# Records shown

====

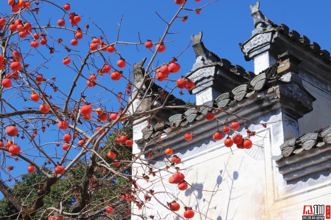 柿子熟透了,齊齊整整地掛在枝丫上,與灰瓦白墻相得益彰。
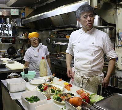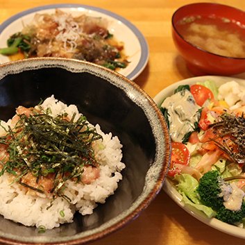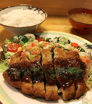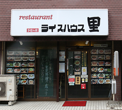 店頭には30数種類ある定食メニューの写真がずらり。野菜の量が多い店として近隣に知られている。多くの定食に、種類豊富な生野菜と温野菜がバランス良く盛られたサラダが付き、手作りのドレッシングでいただく。ヘルシーメニューの「ネギトロ丼定食」は、このサラダと味噌汁、小鉢付き。千葉産のブランド肉を使用したポークソテーも自慢料理だ。ちなみに店名の「里」は店主の奥様のお名前から一文字。愛妻家ぶりがうかがえる。・ランチ:700円~ ディナー:750円~
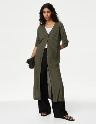 This versatile ribbed cardigan has a touch of linen for a breathable feel. It's made in a longline shape and features a v-neckline, plus a button-through front. Ribbed trims and patch pockets add a neat finish to the piece. n M&S Collection: easy-to-wear wardrobe staples that combine classic and contemporary styles.
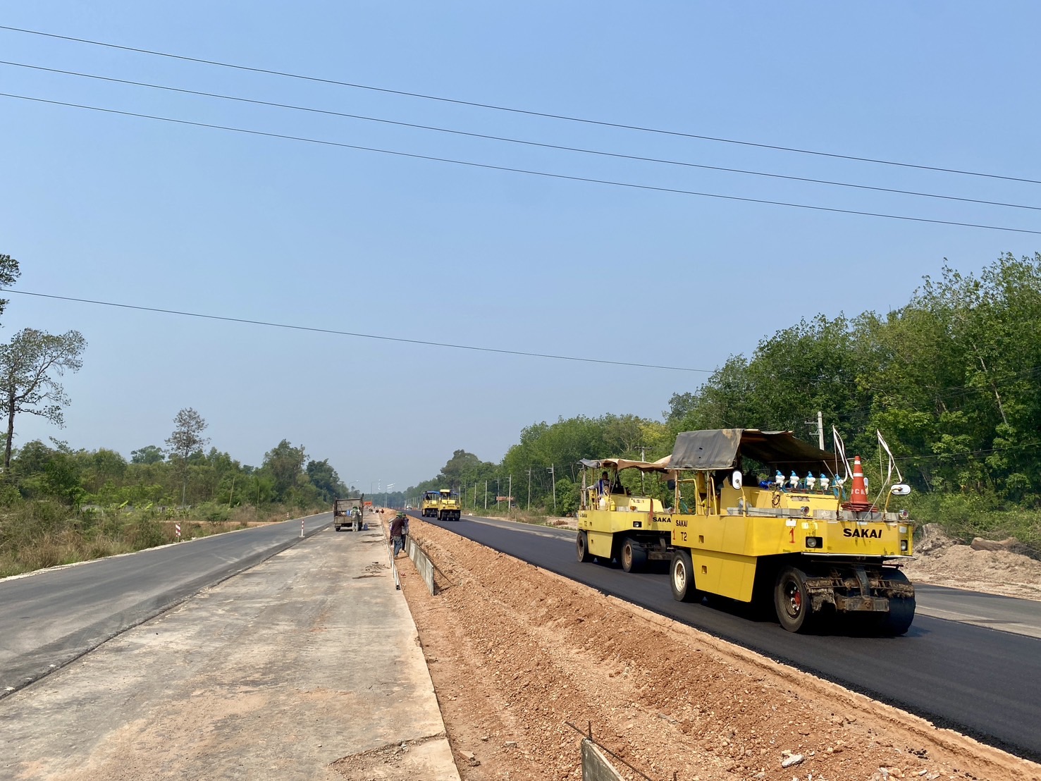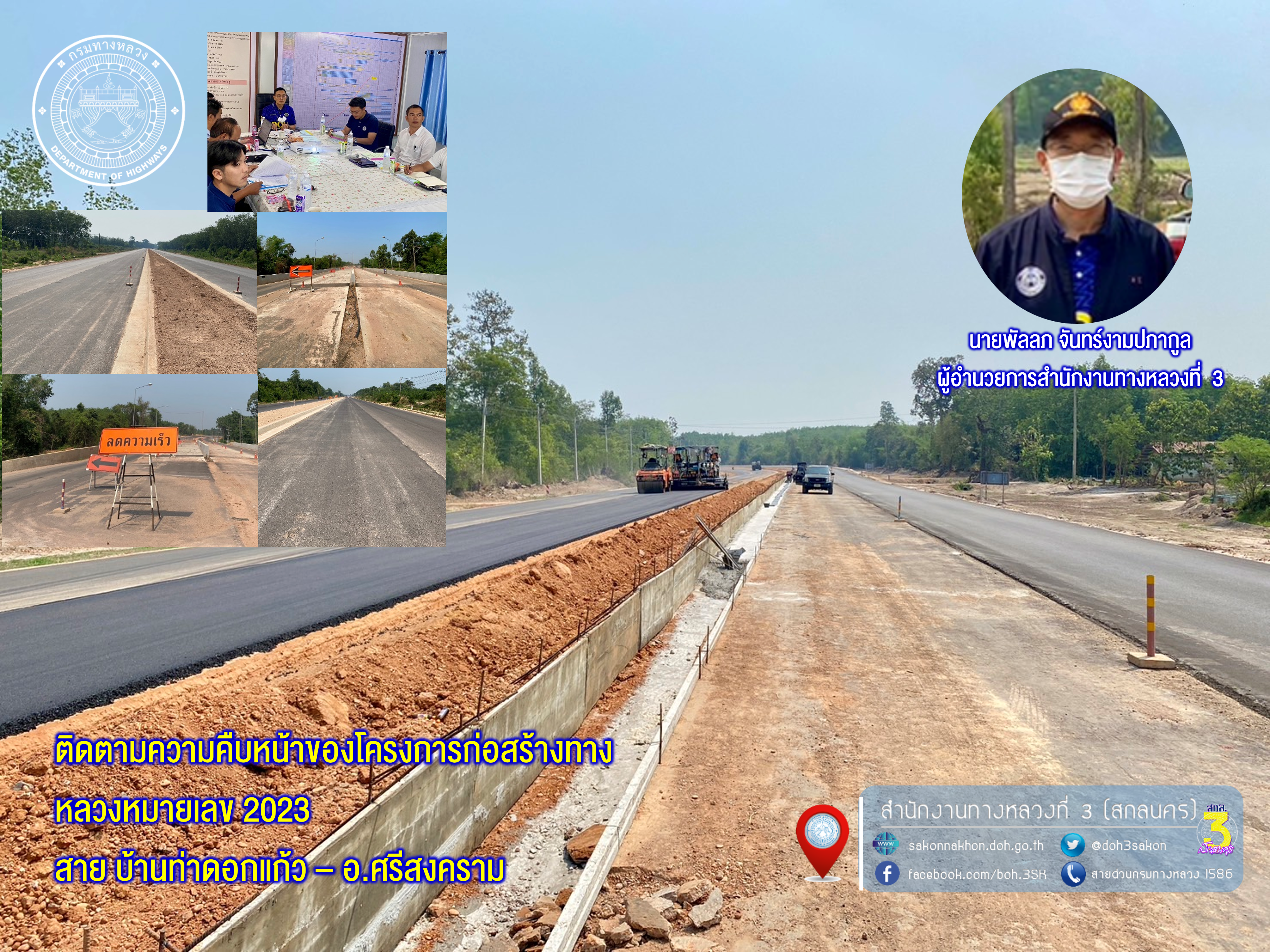 วันที่ 24 เมษายน 2567 เวลา 10.00 น. นายไพฑูรย์ พงษ์ชวลิต รองอธิบดีกรมทางหลวง ประธานกรรมการตรวจรับพัสดุ มอบหมายให้นายพัลลภ จันทร์งามปภากูล ผู้อำนวยการสำนักงานทางหลวงที่ 3 กรรมการตรวจรับพัสดุ พร้อมด้วยนายเดชา พรวนพิทักษ์ ผู้อำนวยการแขวงทางหลวงนครพนม กรรมการตรวจรับพัสดุ และคณะกรรมการตรวจรับพัสดุ ลงพื้นที่ติดตามคืบก้าวหน้าของโครงการก่อสร้างทางหลวงหมายเลข 2023 สาย บ้านท่าดอกแก้ว – อ.ศรีสงคราม ระหว่าง กม.0+000 - กม.28+000 ระยะทางรวม 29.000 กม. วงเงินงบประมาณ 979,437,479 บาท (ตรวจรับงานงวดที่ 11) เพื่อให้การดำเนินงานก่อสร้างทางหลวงแผ่นดินได้ตามแบบมาตรฐานของกรมทางหลวง กระทรวงคมนาคม ควบคุมการก่อสร้างโดยสำนักก่อสร้างทางที่ 2 มีบริษัท บัญชากิจ จำกัด เป็นผู้รับจ้าง พร้อมรับฟังบรรยายสรุปผลการดำเนินงานของโครงการฯ ณ ห้องประชุมสำนักงานชั่วคราวของโครงการฯ
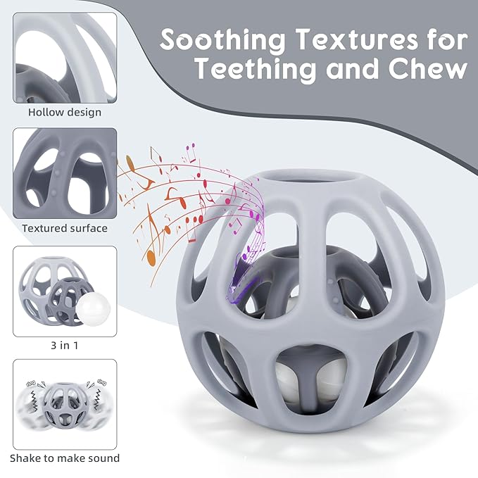 - 【Easy to Clean】We understand that parents need convenient solutions, which is why our silicone baby toys are incredibly easy to clean. Simply rinse them under warm water or toss them in the dishwasher (top rack) for a thorough sanitizing(excluding the rattle ball). They're always ready for the next playtime adventure!

====

# Work to be completed
Only an exact copy is needed: the lines from the opening of the listing through the line with "店頭には30数種類ある定食メ", both included, minus the pictures.

# Task output
 柿子熟透了,齊齊整整地掛在枝丫上,與灰瓦白墻相得益彰。
 店頭には30数種類ある定食メニューの写真がずらり。野菜の量が多い店として近隣に知られている。多くの定食に、種類豊富な生野菜と温野菜がバランス良く盛られたサラダが付き、手作りのドレッシングでいただく。ヘルシーメニューの「ネギトロ丼定食」は、このサラダと味噌汁、小鉢付き。千葉産のブランド肉を使用したポークソテーも自慢料理だ。ちなみに店名の「里」は店主の奥様のお名前から一文字。愛妻家ぶりがうかがえる。・ランチ:700円~ ディナー:750円~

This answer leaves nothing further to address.